Quest’ultimo era chiaramente un gentiluomo: alto, con grandi occhi scuri, capelli piacevolmente ricci sotto un cappello a tesa larga. Era molto affascinate, e la sua pettinatura d’altri tempi dava l’impressione, per assurdo, che fosse un uomo d’altri tempi appena uscito da un ritratto. Aveva il viso arrossato come chi ha appena fatto un grande sforzo fisico: inizialmente pensai addirittura che si fosse scottato stando al sole, ma guardando meglio mi resi conto che era solo molto accaldato. Cosa comprensibile, se vogliamo, visto che aveva uno spesso tabarro nero con un lembo tirato sulla spalla, a fargli da sciarpa. In quella giornata senza vento, la stoffa del mantello ancora ondeggiava proprio come se lui avesse appena finito di correre. Fu con molta verve che ci allertò “mesdames, mesdames, il ne faut pas passer par là”. Indicò col braccio l’altra direzione e disse con grande concitazione “par ici… cherchez la maison”.

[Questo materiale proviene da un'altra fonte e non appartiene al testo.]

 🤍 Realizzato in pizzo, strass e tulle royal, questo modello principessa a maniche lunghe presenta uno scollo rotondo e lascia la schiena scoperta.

Ero così spiazzata da tutta quel suo affanno che mi girai di nuovo a guardarlo e lui abbozzò un inchino, accompagnandolo con un sorrisetto enigmatico. Disse anche molte altre cose che però non riuscii a capire bene; a ogni modo era chiaro che voleva a tutti i costi che andassimo a destra e non a sinistra. E siccome questo coincideva anche con i miei desideri, mi incamminai subito in quella direzione, verso un piccolo ponticello; dopodiché mi girai di nuovo per unirmi ai ringraziamenti di Miss Lamont che gli stava parlando proprio in quel momento – e scoprii, con mia sorpresa, che parlava al nulla, perché l’uomo era già sparito. Però si sentiva ancora il rumore dei suoi passi di corsa; sicuramente s’era appena allontanato.

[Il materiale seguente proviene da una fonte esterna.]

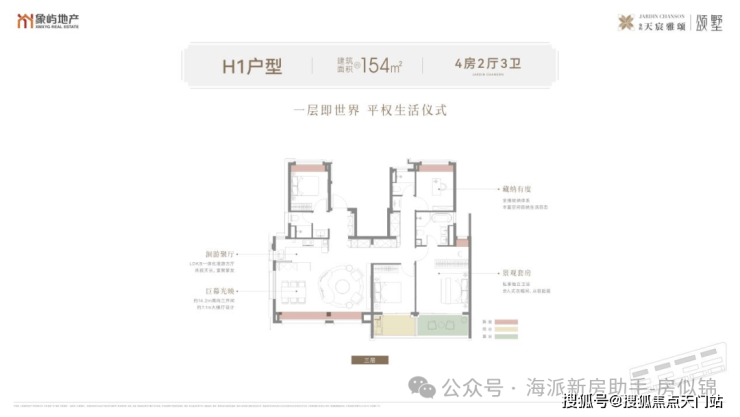 建面约154㎡中平层:约14.2米南向巨幕面宽,结合约7.1米奢阔横厅,塑造出开阔明亮的、兼具仪式感与舒适度的家族聚光主场。四间卧室科学布局,从容满足二胎家庭或三代同堂的居住需求。每间卧室皆享独立私密,让家人各安其境,和睦相融。南向双景阳台与露台,将郊野公园的四季风光引入室内,让自然成为日常生活的背景。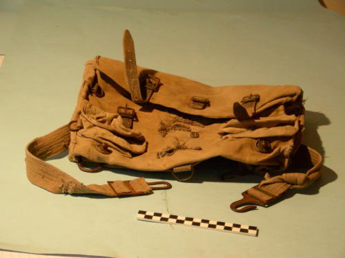 Di forma rettangolare, floscio, due magliette cucite una al centro e l'altra sull'alloggiamento dello spallaccio destro. Patta di chiusura con due cinturini e fibbie per chiusura a due fibbie cucite sulla parte anteriore, ulteriore fibbia per un cinturino d'affardellamento cucito al centro sulla parte centrale della patta. Due piccole tasche esterne applicate ai lati e 2 perni di fissaggio. Due magliette applicate alle estremità del lato sinistro. Quattro magliette applicate alla base, due al centro per l'affardellamento e due ai lati, una terminante con un gancio per l'aggancio degli spallacci. Sulla parte superiore del dorso due spallacci inseriti in profilature di cuoio, terminanti con due ganci ed una maglietta triangolare. Due magliette applicate sulla parte inferiore. Sui lati due asole sulla parte superiore, due fibbie nella parte centrale e due magliette alla base. All'interno sul dorso esterno sono applicate due piccole tasche con chiusura ad asola e bottone.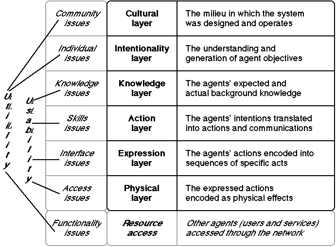 Multiple 6 layer models of users and 3 layer models of services may be combined to provide a model of a complex system in which users communicate with other users and services through a network at the physical layer, establishing ‘virtual circuits’ at the upper layers (Gaines, 1988). This is shown as "resource access" at the bottom of Figure 4 which subsumes the functionality that the agent can access through the network.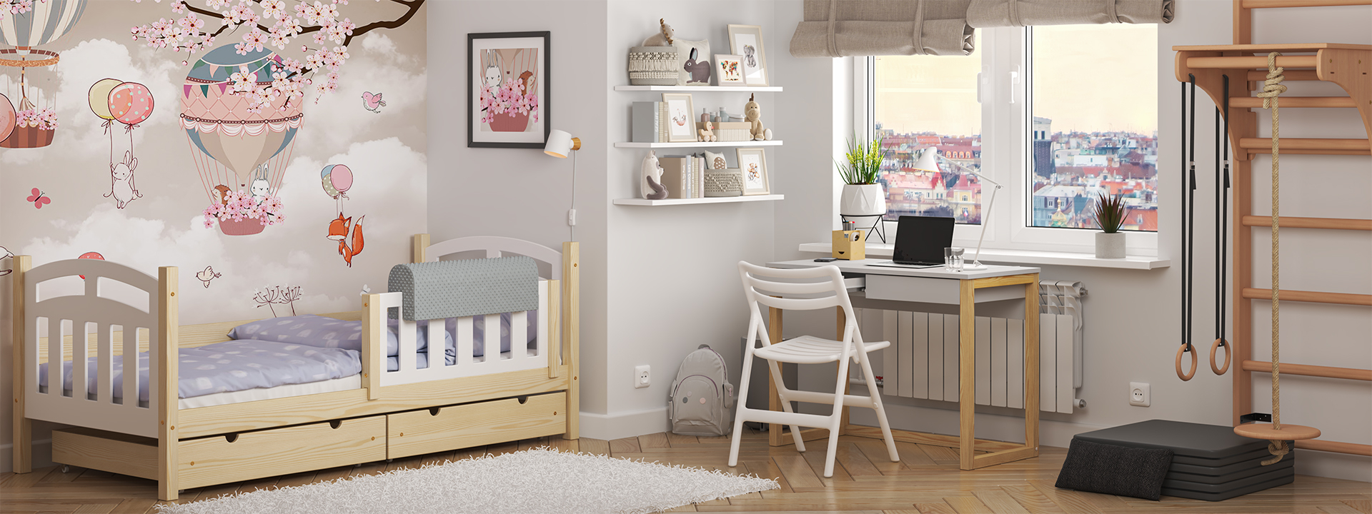Children grow before our eyes and before we know it, the baby becomes a toddler. Finally, it's time for your baby to go from a crib to a real bed and start living in their own room. Are you wondering how to furnish such a room? It is worth considering low models of beds, instead of those with a standard frame height.

Silenziosamente attraversammo il ponticello, che sovrastava un piccolo corso d’acqua: tanto vicina a noi che avremmo potuto toccarla con le mani, c’era una piccola cascatella che si gettava giù da una parete di roccia inondata di felci. Poi proseguimmo lungo il sentiero in un piccolo viale alberato che attraversava un prato di erba incolta, reso ombroso dagli alberi che lo costeggiavano. Nell’insieme, quello scampolo di terra aveva l’aspetto luttuoso di un abbandono selvaggio, e in qualche misura suggestivo: gli alberi nascosero alla nostra vista l’edificio fino a quando non gli arrivammo proprio davanti. A quanto pare, il Petit Trianon era una piccola casa di campagna, a pianta quadrata, con pareti spesse e solide – piuttosto diverso da come me lo sarei aspettata, francamente. Le finestre che davano a nord, sul giardino all’inglese (dove ci trovavamo noi) erano chiuse. C’era un ampio cortile lastricato, nella zona nord-ovest della casa; e nel cortile, a sua volta invaso d’erba alta, vedemmo una signora che se ne stava tenuta, davanti a un foglio di carta posato su un cavalletto. Immaginai fosse una turista che stava facendo schizzi della zona, forse dipingendo gli alberi visto che non c’era assolutamente niente lì attorno a parte quello. Ci vide, e quando le passammo vicino si girò per guardarci dritto negli occhi. Non era giovane, e sebbene il suo viso fosse di bell’aspetto non la trovai particolarmente attraente: aveva un cappello bianco a tesa larga, a farle ombra, dal quale facevano capolino un bel po’ di capelli chiari che le cadevano in boccoli sulla fronte […] e indossava un vestito stranissimo, incredibilmente fuori moda. Ricambiai il suo sguardo, ma per qualche strana ragione subito dopo sentii l’impulso di allontanarmi, come se la sua presenza in quel posto mi desse un inspiegabile e intollerabile fastidio.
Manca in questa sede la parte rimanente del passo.